# About this exercise
Retype, without any change, the line that contains "تجهیزات جانبی: همراه" and every line that follows it to the end of the entries, and nothing else.

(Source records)

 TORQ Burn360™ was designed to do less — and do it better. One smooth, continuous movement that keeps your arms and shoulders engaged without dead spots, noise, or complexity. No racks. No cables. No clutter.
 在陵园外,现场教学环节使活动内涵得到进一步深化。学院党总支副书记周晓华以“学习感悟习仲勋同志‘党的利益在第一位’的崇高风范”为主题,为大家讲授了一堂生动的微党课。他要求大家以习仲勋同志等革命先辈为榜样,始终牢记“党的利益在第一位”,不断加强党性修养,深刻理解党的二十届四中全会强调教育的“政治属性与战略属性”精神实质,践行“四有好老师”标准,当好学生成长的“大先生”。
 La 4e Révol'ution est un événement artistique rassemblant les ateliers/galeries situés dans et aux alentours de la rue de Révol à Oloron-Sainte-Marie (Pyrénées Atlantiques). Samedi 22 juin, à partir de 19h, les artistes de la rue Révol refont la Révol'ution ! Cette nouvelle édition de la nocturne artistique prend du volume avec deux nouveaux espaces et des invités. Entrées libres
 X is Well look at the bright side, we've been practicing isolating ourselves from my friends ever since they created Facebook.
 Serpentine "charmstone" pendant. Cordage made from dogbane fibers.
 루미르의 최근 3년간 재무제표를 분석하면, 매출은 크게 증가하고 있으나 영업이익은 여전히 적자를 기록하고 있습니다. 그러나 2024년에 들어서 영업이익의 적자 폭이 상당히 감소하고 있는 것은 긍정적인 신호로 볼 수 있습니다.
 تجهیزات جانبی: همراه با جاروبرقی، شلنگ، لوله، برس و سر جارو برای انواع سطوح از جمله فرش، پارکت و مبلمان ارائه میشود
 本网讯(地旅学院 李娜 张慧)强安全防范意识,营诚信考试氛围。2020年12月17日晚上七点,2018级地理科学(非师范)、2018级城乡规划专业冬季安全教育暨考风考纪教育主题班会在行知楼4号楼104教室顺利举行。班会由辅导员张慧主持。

# Solution for this exercise
 تجهیزات جانبی: همراه با جاروبرقی، شلنگ، لوله، برس و سر جارو برای انواع سطوح از جمله فرش، پارکت و مبلمان ارائه میشود
 本网讯(地旅学院 李娜 张慧)强安全防范意识,营诚信考试氛围。2020年12月17日晚上七点,2018级地理科学(非师范)、2018级城乡规划专业冬季安全教育暨考风考纪教育主题班会在行知楼4号楼104教室顺利举行。班会由辅导员张慧主持。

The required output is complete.